In the records below, the relevant part opens with the line containing "If you're looking" and closes with the line containing "Mint a bajnokok"; print that part exactly and only, without its pictures.

Supplied information:
━━━━━━

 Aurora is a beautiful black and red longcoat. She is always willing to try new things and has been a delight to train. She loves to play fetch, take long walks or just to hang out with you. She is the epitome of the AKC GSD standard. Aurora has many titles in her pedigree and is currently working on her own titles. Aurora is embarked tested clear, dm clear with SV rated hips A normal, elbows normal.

━━━━━━

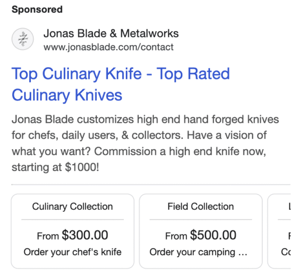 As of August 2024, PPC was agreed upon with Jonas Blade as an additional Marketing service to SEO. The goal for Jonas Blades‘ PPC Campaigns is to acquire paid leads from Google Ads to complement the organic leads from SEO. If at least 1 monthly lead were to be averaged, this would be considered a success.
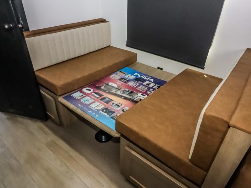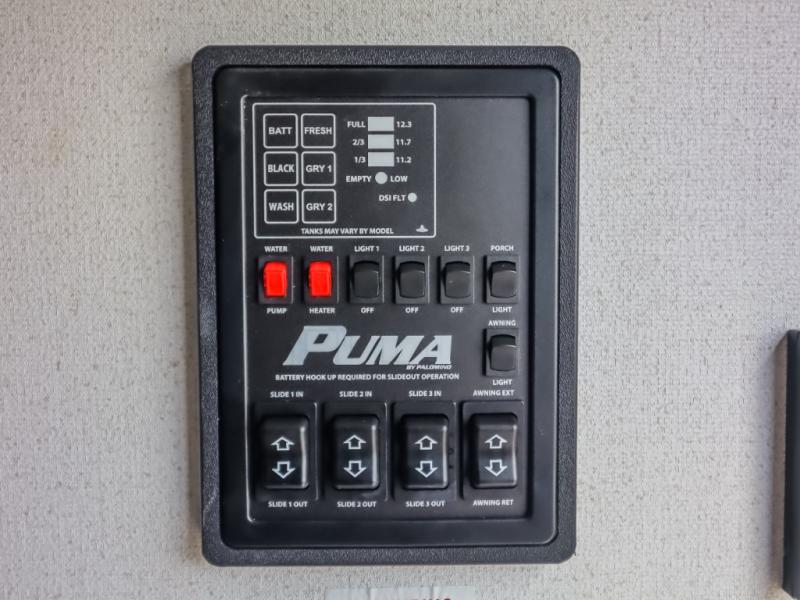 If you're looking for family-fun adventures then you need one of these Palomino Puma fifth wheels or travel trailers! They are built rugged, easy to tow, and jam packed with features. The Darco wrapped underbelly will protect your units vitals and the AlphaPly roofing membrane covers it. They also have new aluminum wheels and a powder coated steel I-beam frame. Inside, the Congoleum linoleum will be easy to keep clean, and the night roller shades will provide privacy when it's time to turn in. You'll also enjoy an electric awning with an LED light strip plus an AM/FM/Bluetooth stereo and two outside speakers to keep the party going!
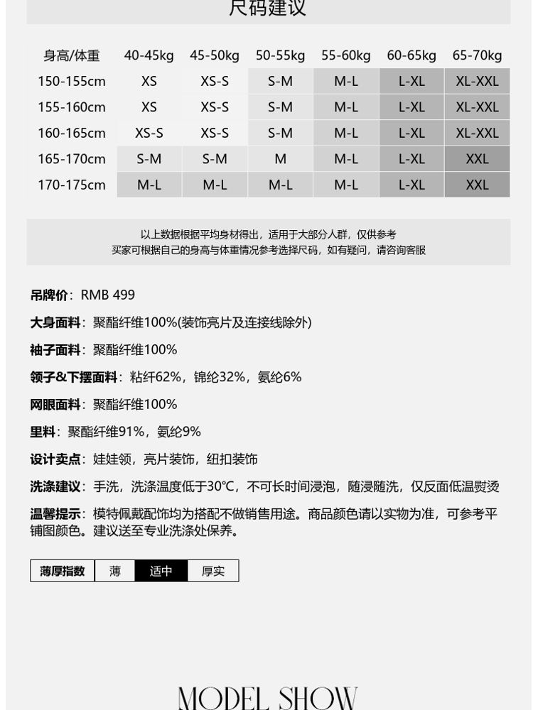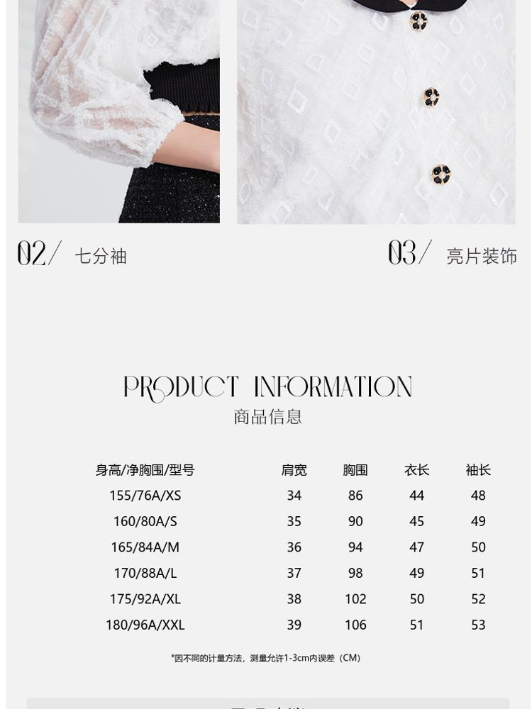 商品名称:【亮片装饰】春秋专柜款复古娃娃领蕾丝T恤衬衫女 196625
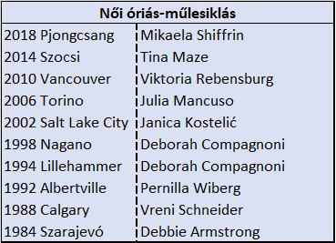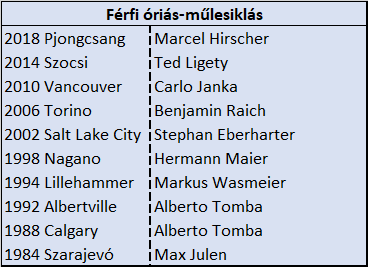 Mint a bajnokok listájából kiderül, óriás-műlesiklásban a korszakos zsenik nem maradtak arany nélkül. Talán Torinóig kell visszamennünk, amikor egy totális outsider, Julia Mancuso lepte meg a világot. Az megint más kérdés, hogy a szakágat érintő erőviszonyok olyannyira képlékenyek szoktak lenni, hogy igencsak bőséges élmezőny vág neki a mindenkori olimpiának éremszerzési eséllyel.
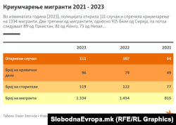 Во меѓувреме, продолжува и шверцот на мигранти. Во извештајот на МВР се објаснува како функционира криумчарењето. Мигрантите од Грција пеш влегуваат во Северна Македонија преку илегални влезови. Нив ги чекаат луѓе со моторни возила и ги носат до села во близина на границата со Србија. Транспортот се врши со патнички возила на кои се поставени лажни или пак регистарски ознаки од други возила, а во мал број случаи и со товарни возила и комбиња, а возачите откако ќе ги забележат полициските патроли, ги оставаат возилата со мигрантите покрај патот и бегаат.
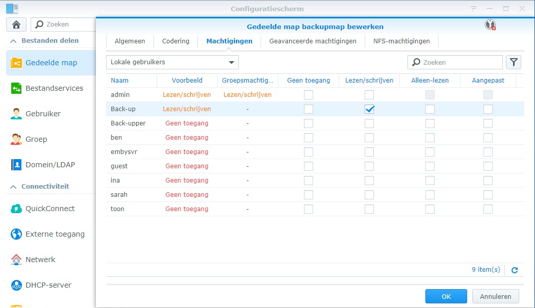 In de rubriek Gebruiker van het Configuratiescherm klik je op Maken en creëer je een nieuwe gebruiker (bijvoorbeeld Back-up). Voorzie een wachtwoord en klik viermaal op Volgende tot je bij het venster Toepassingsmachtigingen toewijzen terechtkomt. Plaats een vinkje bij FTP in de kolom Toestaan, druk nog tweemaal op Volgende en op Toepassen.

━━━━━━

Finished task:
 If you're looking for family-fun adventures then you need one of these Palomino Puma fifth wheels or travel trailers! They are built rugged, easy to tow, and jam packed with features. The Darco wrapped underbelly will protect your units vitals and the AlphaPly roofing membrane covers it. They also have new aluminum wheels and a powder coated steel I-beam frame. Inside, the Congoleum linoleum will be easy to keep clean, and the night roller shades will provide privacy when it's time to turn in. You'll also enjoy an electric awning with an LED light strip plus an AM/FM/Bluetooth stereo and two outside speakers to keep the party going!
 商品名称:【亮片装饰】春秋专柜款复古娃娃领蕾丝T恤衬衫女 196625
 Mint a bajnokok listájából kiderül, óriás-műlesiklásban a korszakos zsenik nem maradtak arany nélkül. Talán Torinóig kell visszamennünk, amikor egy totális outsider, Julia Mancuso lepte meg a világot. Az megint más kérdés, hogy a szakágat érintő erőviszonyok olyannyira képlékenyek szoktak lenni, hogy igencsak bőséges élmezőny vág neki a mindenkori olimpiának éremszerzési eséllyel.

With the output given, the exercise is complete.